Is there a way to speed up matrix calculations by Parallel Computing Toolbox?

Question

0 votes

For example, I have the following matrix calculation:

for j = 1: 1000000
    O(i,i,j) =  M(i,i).* N(i,i).* J(i,i);
end

where i is, say, 200. To speed up the calculation, can I take the advantage of Parallel Computing Toolbox? I have three macbooks, can I connect them together to execute the above codes together in an parallel way? Many thanks

2 Comments
Show None Hide None

Kyle on 3 Oct 2013

Open in MATLAB Online

Thank you for your suggestions, Matt J and Walter Roberson. I think I need to detail my question. I was actually going to convert my codes to a parallel version running on multiple computers so that the the efficiency could be dramatically enhanced.

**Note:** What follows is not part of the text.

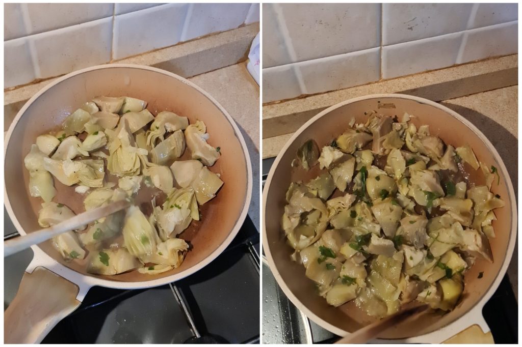 In a pan pour the extra virgin olive oil and the garlic clove, add the artichoke hearts (if frozen), salt and pepper and cook for about twenty minutes, adding a little water gradually. When cooked, turn off the heat and let them cool.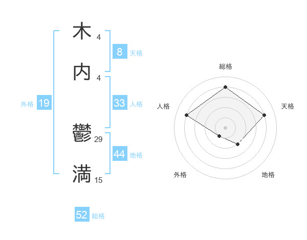 木内 鬱満さんを姓名の画数から五運を鑑定

My codes are about solving a pair of differential equations (the Brusselator model), in other words, 2D gird-simulation in high resolution.

    % Simulate 2D Brusselator model by Euler algorithm
    clear;clc;close all
    a = 5;
    b = 19;
    Dx = 5;
    Dy = 40;
    time_end = 150;    % length of simulation, in sec
    %%dimensions for the full-resolution grid
    [Nx Ny] = deal(60);  % no. of sampling points along each axis
    [Lx Ly] = deal(60);        % square cortex (cm)
    [dx dy] = deal(Lx/Nx, Ly/Ny);  % spatial resolution (cm)
    %%time resolution and time-base
    dt = 1*1e-3;      % Nx = Ny =  60; D2 = 1.0 cm^2   
    Nsteps = round(time_end/dt)
    %%3x3 Laplacian matrix (used in grid convolution calculations)
    Laplacian = [0 1 0; 1 -4 1; 0 1 0];
    %%set up storage vectors and grids
    [U_grid  V_grid]               = deal(0.001*randn(Nx, Ny));
    % save UV_inis U_grid  V_grid
    U0 = a; V0 = b/a;
    % initialize the grids at steady-state values
    [U_grid  V_grid]             = deal(U0 + U_grid, V0 + V_grid);
    % diffusion multipliers (depend on step size)
    Dx = Dx/dx^2;
    Dy = Dy/dx^2;
    %%Simulation
    stride2 = 100;          % iterations per screen update
    time = [0:Nsteps-1]'*dt;  % timebase
    ii = 1;
    for i = 1: Nsteps
        i
        U_grid = U_grid + dt*(a-(b+1)*U_grid + U_grid.^2.*V_grid + ...
            Dx*convolve2(U_grid, Laplacian, 'wrap')); 
        V_grid = V_grid + dt*(b*U_grid - U_grid.^2.*V_grid + ...
            Dy*convolve2(V_grid, Laplacian, 'wrap'));
        if (mod(i, stride2) == 1 || i == Nsteps)        
            mesh(x, y, U_grid);
            drawnow;
            U_save(:,:, ii) = U_grid;
            ii = ii + 1;
        end
    end

In the codes, "U_save" is the final results I want to have. If the "Nx" and "Ny" are set to 300, meaning high resolution, the computing speed will be very slow.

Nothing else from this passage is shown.